Sometimes I wish I would stop being Samson the fair judge and blindly support my friends and forget all thoughts of fair play.

If there is a God above I pray that I am not faced with the dilemma A faced. I can’t think of anything more tragic!!! On the other hand I think A is really lucky to have met C when she did. Sounds even more confusing I know.

Damn now I am thoroughly confused and feeling quite sorry for myself .

(Presently listening to this melodious song)

Saturday, October 13, 2007

The intelligence gap

He: I think you should get to know me better!
She: I don't think so!
He: Why?
She: Because I think I should not get to know you better!
He: Why?! What's wrong with me?
She: *sigh* Never mind!

Tuesday, October 09, 2007

Moving up in life :)

Today we went to the Empire Hotel on Church Street for lunch. After lunch I found my bike missing! The security guard informed me that someone had pushed my bike to the side so that he could remove his mobike and left it in a no-parking area. The result was that it was towed away.

Finally I located the bike and paid the Rs 300/- fine ( Rs 200/- towing charges and Rs 100/- fine. Ha!! ) The Inspector noted down my DL details and I was booked for "Parking in a No Parking Area!!!

I am now a criminal!!! :)


I AM JOINING POLITICS!!!!!

Sunday, October 07, 2007

White pawns

I got back last Friday after a blissful one week in sandy, green and cloudy Goa. The occasion was a close friends wedding. On getting back I was told that my cousin brother George had got married in the US. George is a Surgeon and is practicing in one of the leading US hospitals.

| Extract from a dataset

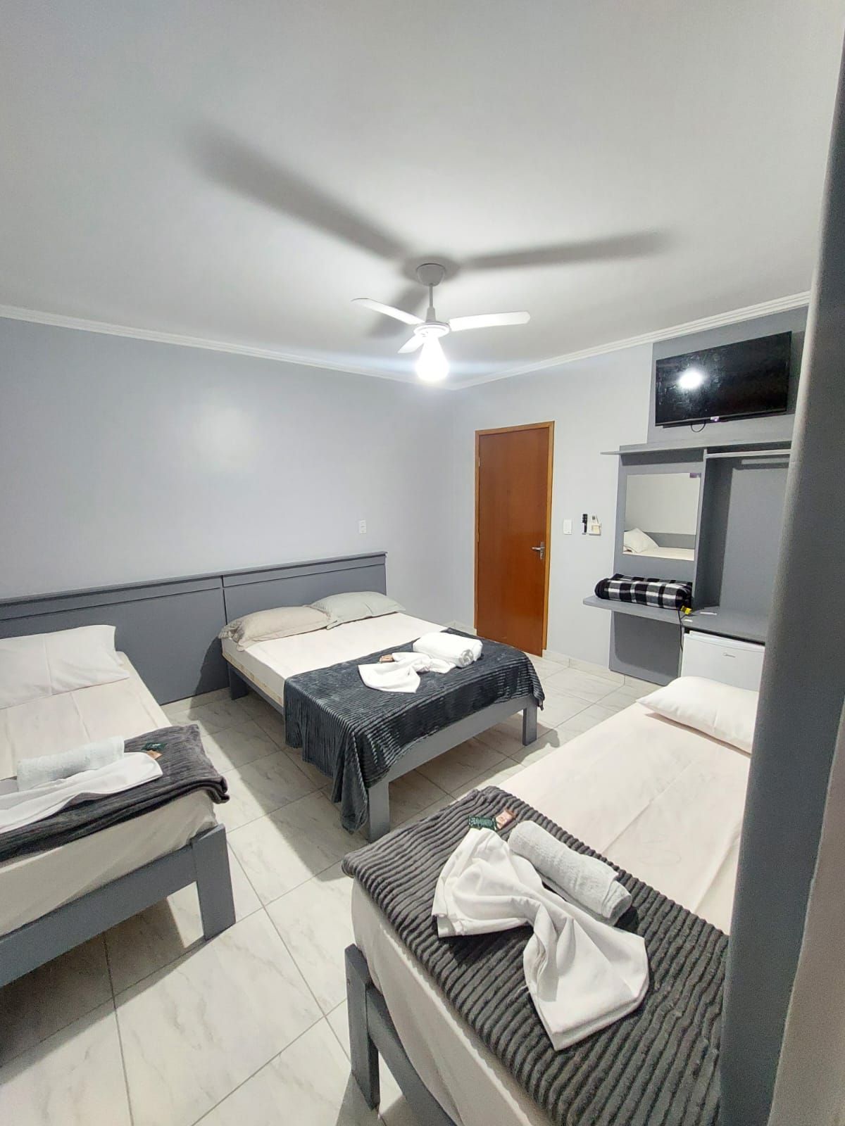 O quarto quádruplo da Pousada Parada da Fé é ideal para famílias ou grupos. Com capacidade para até quatro pessoas, o ambiente oferece camas confortáveis, ar-condicionado, TV, frigobar e banheiro privativo. A decoração aconchegante e funcional garante uma estadia tranquila, perfeita para descansar após um dia de passeios em Aparecida, SP, combinando conforto e praticidade para os hóspedes.

Today George dropped in with his foreign wife. The look of horror on my parents face would have been side splittingly funny if it had not been the shock I myself experienced when I beheld George's bride. She was close to 300 pounds heavy and one could hardly make out her features beneath the double chin and layers of fat all over.

This post is not about foreign wives but about Indian men and their double standards. George is one such example of Indian men I have seen and met who were so fussy when it came to marrying an Indian woman. They were particular about dowry, color, family status, weight, religious division etc etc etc. Yet when they married a foreign woman, mostly due to Green Card considerations, such specs’ vanished into thin air!!

Now I have nothing against anyone marrying anyone…but when I see these foreign brides I wonder if they know the realities of their Indian hubbies and how these men would have cringed at the thought of marrying an obese Indian woman!! And I feel bad for these girls. I feel bad because they are being used and because they are married to double faced men…men who have a different reality for them and another for the Indian women.